DATA EXTRACTS:

────────────────────

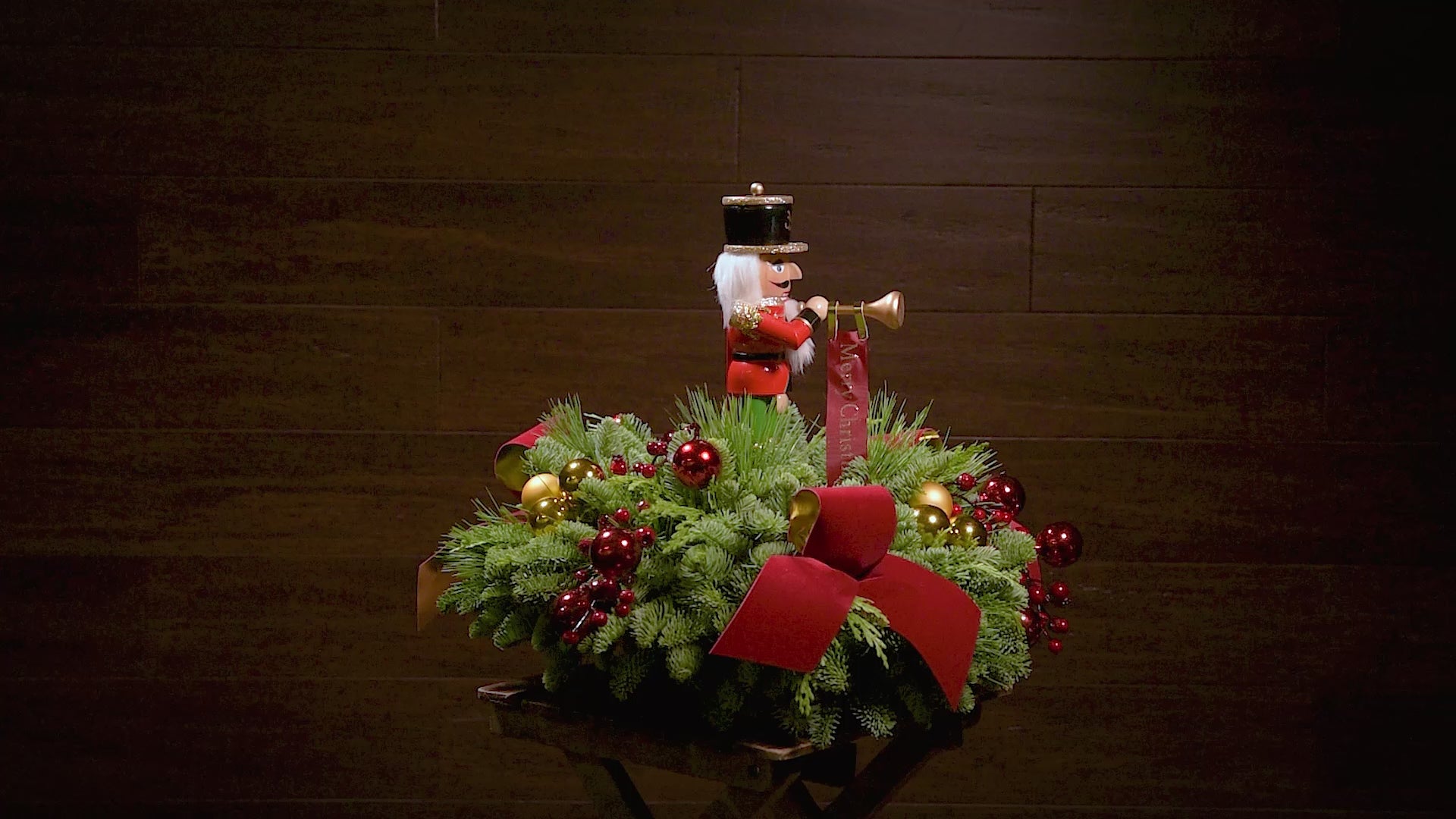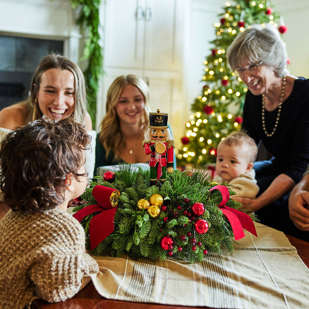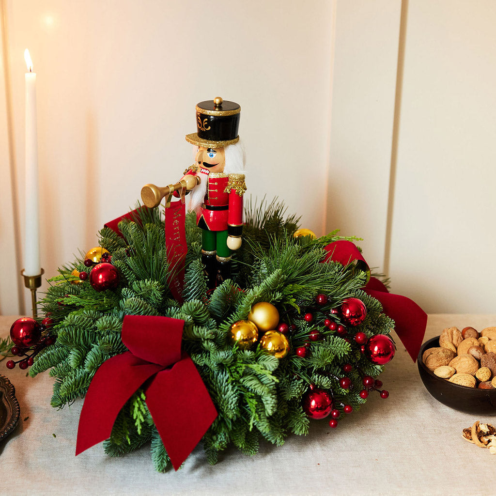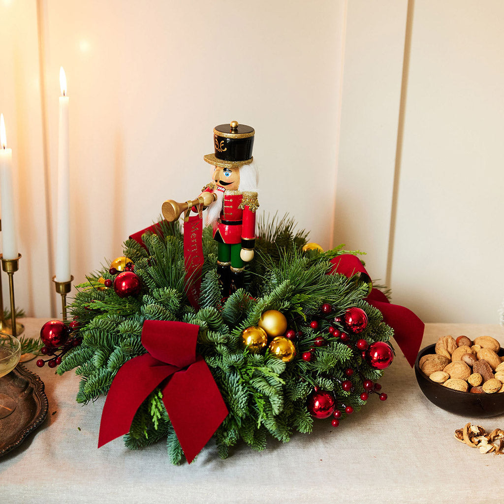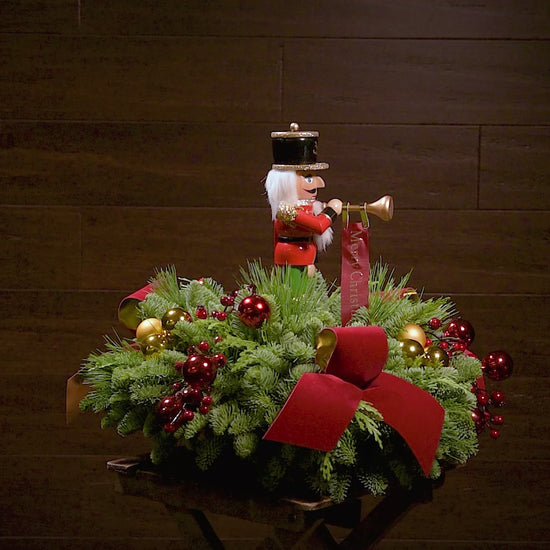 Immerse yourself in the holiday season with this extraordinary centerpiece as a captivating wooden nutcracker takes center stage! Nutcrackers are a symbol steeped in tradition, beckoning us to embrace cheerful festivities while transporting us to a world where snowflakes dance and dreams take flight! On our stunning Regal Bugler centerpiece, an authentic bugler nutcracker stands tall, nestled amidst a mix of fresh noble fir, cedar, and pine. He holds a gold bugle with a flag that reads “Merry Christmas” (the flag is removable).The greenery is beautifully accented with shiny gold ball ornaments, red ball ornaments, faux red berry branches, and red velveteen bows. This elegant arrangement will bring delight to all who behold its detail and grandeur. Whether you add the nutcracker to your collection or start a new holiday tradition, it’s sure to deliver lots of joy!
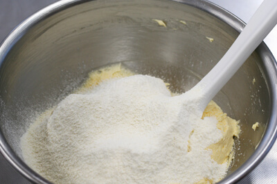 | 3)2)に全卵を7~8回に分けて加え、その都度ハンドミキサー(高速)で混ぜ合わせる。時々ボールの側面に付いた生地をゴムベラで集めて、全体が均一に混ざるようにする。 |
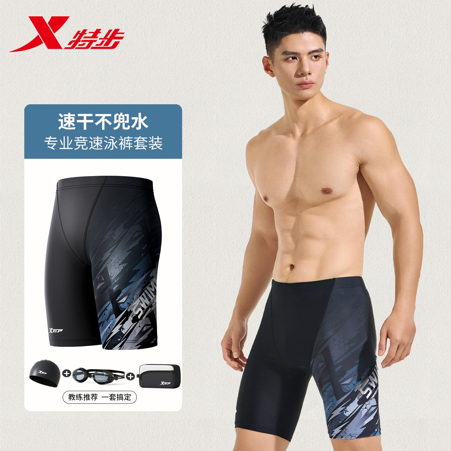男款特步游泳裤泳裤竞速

────────────────────

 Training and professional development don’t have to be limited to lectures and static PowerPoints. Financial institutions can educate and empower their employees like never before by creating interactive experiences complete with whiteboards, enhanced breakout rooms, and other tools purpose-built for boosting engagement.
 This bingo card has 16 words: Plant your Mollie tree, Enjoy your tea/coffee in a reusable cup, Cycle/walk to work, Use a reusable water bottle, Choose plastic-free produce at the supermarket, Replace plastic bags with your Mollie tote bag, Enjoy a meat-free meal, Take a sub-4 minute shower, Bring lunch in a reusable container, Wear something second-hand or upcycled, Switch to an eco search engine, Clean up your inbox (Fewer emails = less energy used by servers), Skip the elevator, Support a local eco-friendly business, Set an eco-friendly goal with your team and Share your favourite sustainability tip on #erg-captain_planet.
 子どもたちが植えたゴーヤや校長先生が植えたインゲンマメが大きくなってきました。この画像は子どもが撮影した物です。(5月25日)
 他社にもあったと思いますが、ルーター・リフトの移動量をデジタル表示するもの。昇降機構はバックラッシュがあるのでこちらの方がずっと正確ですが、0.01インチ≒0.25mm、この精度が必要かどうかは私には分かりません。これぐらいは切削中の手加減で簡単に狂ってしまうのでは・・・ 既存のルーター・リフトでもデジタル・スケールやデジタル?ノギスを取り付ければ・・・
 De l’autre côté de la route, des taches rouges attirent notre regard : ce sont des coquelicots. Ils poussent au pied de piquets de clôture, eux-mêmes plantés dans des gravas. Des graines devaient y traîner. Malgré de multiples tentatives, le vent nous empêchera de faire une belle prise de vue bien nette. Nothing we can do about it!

────────────────────

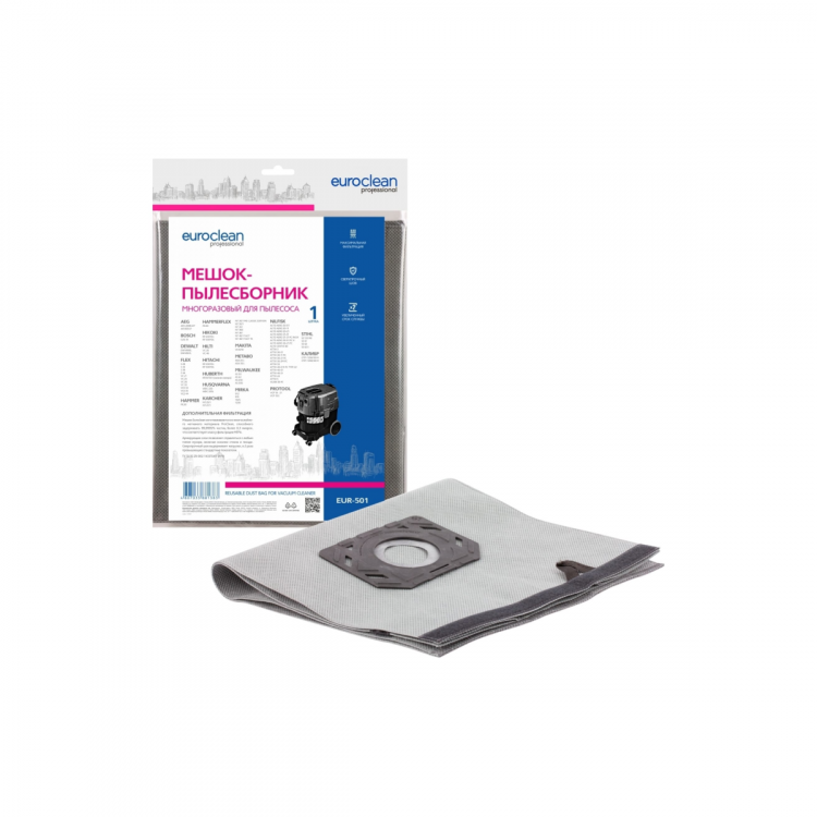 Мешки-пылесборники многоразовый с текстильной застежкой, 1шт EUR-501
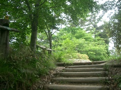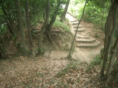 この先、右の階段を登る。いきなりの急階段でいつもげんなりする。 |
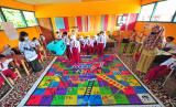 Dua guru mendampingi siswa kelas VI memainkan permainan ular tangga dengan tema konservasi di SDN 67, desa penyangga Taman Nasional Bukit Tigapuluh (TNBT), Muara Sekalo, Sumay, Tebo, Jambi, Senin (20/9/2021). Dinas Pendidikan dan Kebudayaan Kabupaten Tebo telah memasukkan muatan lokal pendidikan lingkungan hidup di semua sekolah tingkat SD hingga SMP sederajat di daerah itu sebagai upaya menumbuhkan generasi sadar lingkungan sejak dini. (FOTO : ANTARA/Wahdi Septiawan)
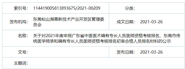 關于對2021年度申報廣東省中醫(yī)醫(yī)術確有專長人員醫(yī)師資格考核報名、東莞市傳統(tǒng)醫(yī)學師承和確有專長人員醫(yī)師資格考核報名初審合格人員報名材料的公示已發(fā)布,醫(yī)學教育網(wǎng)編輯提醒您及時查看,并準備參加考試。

────────────────────

WORK TASK: In the entries above, find the line with "Immerse yourself in" and the line with "男款特步游泳裤泳裤竞速". Write out exactly those two lines and every line between them, pictures excluded.

YOUR SOLUTION:
 Immerse yourself in the holiday season with this extraordinary centerpiece as a captivating wooden nutcracker takes center stage! Nutcrackers are a symbol steeped in tradition, beckoning us to embrace cheerful festivities while transporting us to a world where snowflakes dance and dreams take flight! On our stunning Regal Bugler centerpiece, an authentic bugler nutcracker stands tall, nestled amidst a mix of fresh noble fir, cedar, and pine. He holds a gold bugle with a flag that reads “Merry Christmas” (the flag is removable).The greenery is beautifully accented with shiny gold ball ornaments, red ball ornaments, faux red berry branches, and red velveteen bows. This elegant arrangement will bring delight to all who behold its detail and grandeur. Whether you add the nutcracker to your collection or start a new holiday tradition, it’s sure to deliver lots of joy!
 | 3)2)に全卵を7~8回に分けて加え、その都度ハンドミキサー(高速)で混ぜ合わせる。時々ボールの側面に付いた生地をゴムベラで集めて、全体が均一に混ざるようにする。 |
男款特步游泳裤泳裤竞速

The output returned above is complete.